European defense policy and industry has been the origin and core of the ambition towards strategic autonomy. However, it is key to address a multitude of weak, yet mission critical areas including banking and capital market unions, health care, trade and supply chain management and energy transition.

In his 2020 speech, Josep Borrell, the EU’s High Representative for Foreign Affairs and Security Policy says it all: ‘If we do not act together now, we will become irrelevant, as many have forcefully argued. Strategic autonomy is, in this perspective, a process of political survival. In such a context, our traditional alliances remain essential. However, they will not be sufficient. As power differentials narrow, the world will become more transactional, and all powers, including Europe, will tend to be so.’

Europe can no longer afford to remain passive nor rely on US security, when confronted with a Russian military attack and threats regarding the European post WWll security order, especially, when US priorities are shifting and commitment to NATO unsure in light of a potential Trump re-election.

After decades of irresponsible neglect European NATO allies should spend a minimum 2% of GDP. Crucial is a common EU defense industry approach, focusing on cross-border consolidation in the highly fragmented European defense sector, securing joint research and development as well as advanced technology and manufacturing capacity with the goal to achieve much improved hard power projection and interoperability.

Global Economy – Normalizing Monetary and Credit Cycle

The global inflation and interest rate cycle has peaked in 2023 and is currently on a normalization trajectory favoring risk assets. However, the global economy, although supported by resilient US data yet facing weakness in Europe and China remains vulnerable as a result of delayed monetary easing, tightening fiscal policy and the highly uncertain geopolitical outlook.
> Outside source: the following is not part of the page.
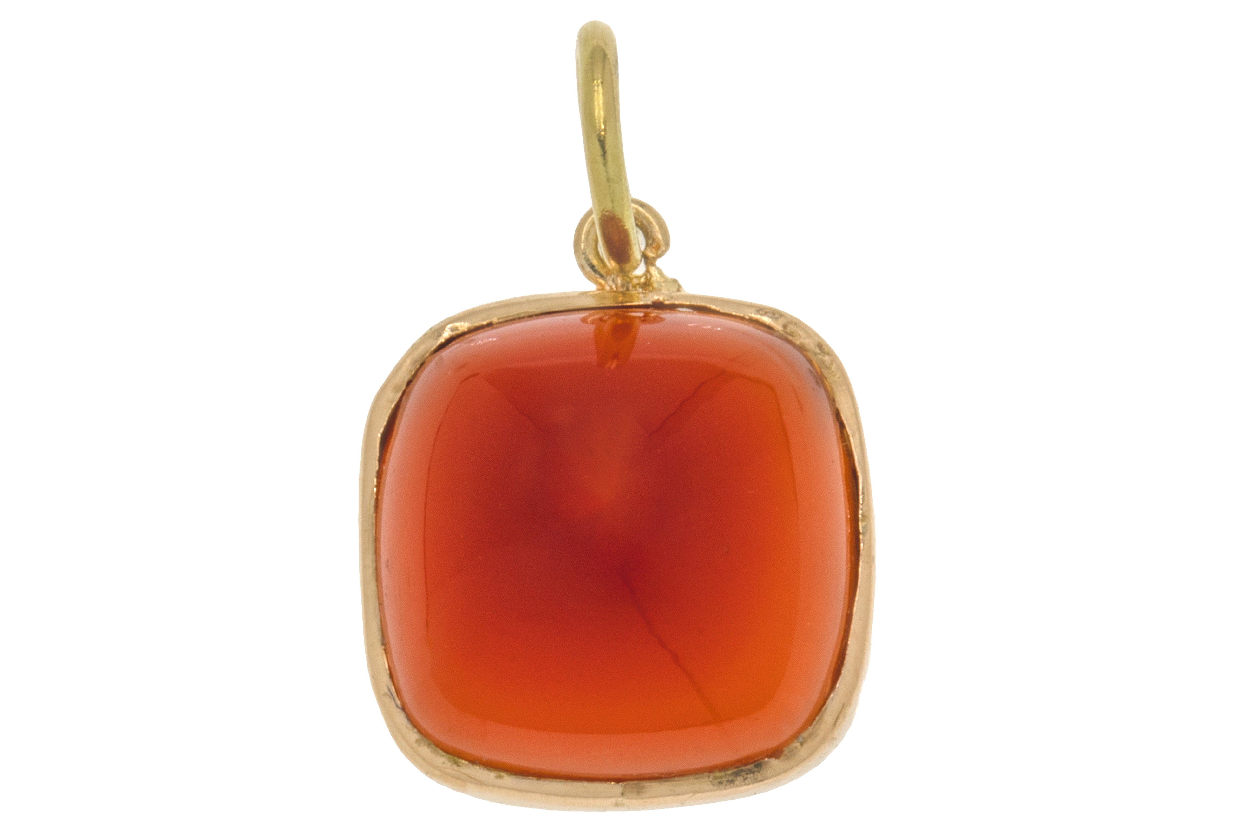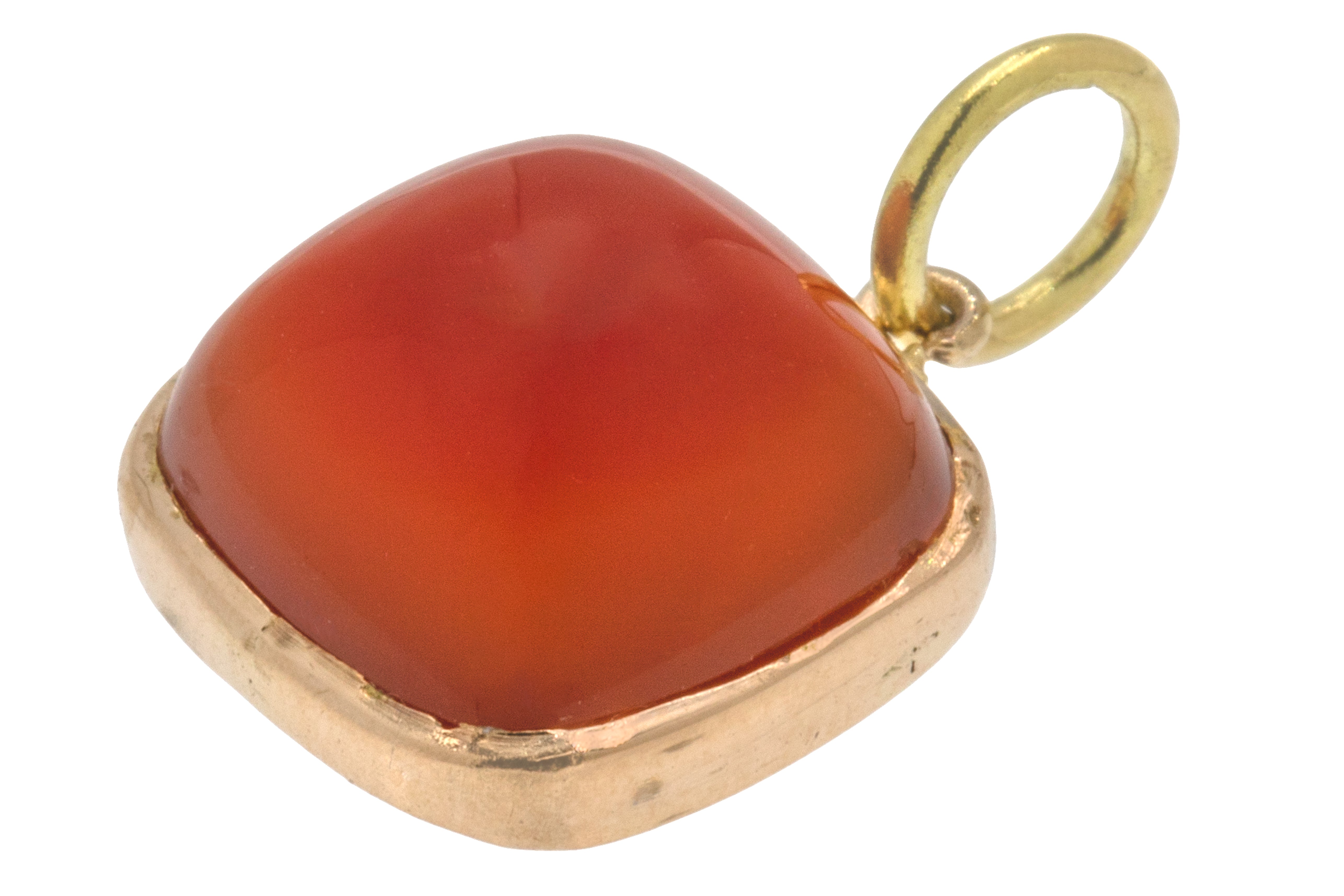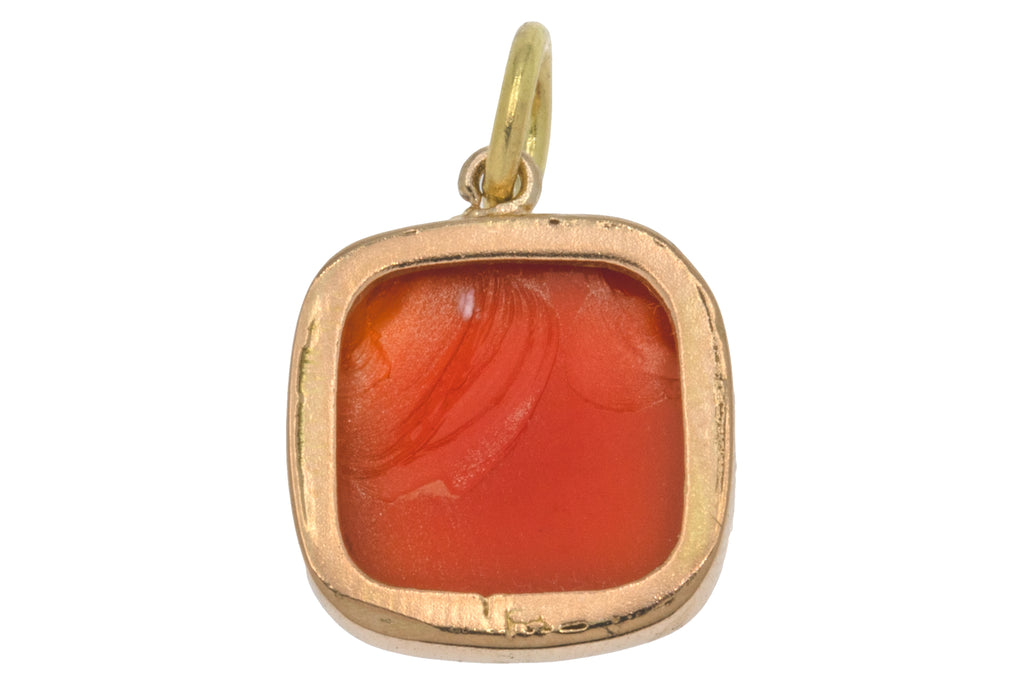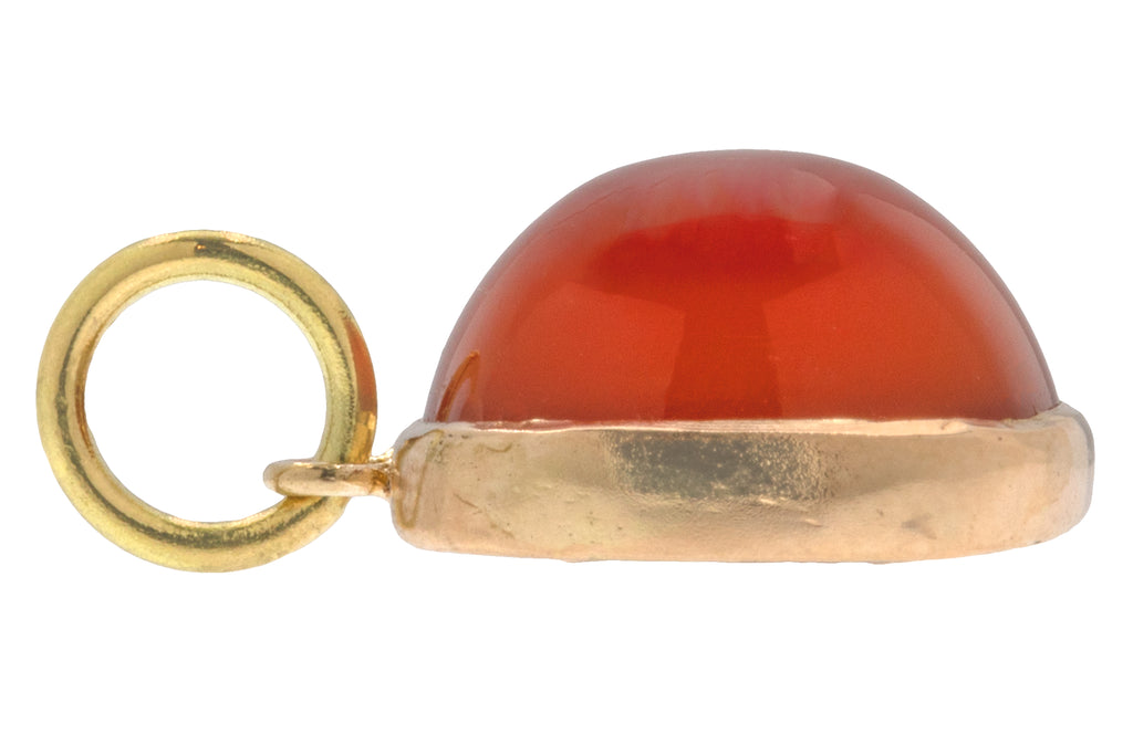 MATERIALS: Tests as 14ct Gold bezel setting, 18ct Gold jump-ring, Carnelian.

We continue to believe that the FED and the ECB will rather over-tighten their monetary policy than changing course should inflation rise again. Just consider, the combination of global trade fragmentation, climate change and overdue, yet, much needed investments in critical infrastructure might lead to somewhat higher underlying inflation than in past decades.

Main risks to the global economic outlook include a spike in energy prices, and disruption in global trade and shipping route flows and supply chains, principally emanating from the militarily intractable Mid East situation.

Investment Outlook 2024 – Risk On

The WEF’s Global Risks Report 2024 is not very comforting and somewhat contradicting the more positive capital markets outlook, particularly, the recent highs in the US and, yes, in the German stock market.

In 2024 and beyond, we expect bonds and equities to beat cash, as a result of the positive inflation and interest rate movements as well as extraordinary opportunities in areas such as technology, namely artificial intelligence, energy transition or longevity including health and nutrition.

Active investment management and uncompromising selectivity will be essential. The lagging effects of the brutal rate hiking cycle will show high dispersion of risks and returns. Still avoid firms with weak leadership and bad capital structures and focus on undervalued and well positioned growth opportunities.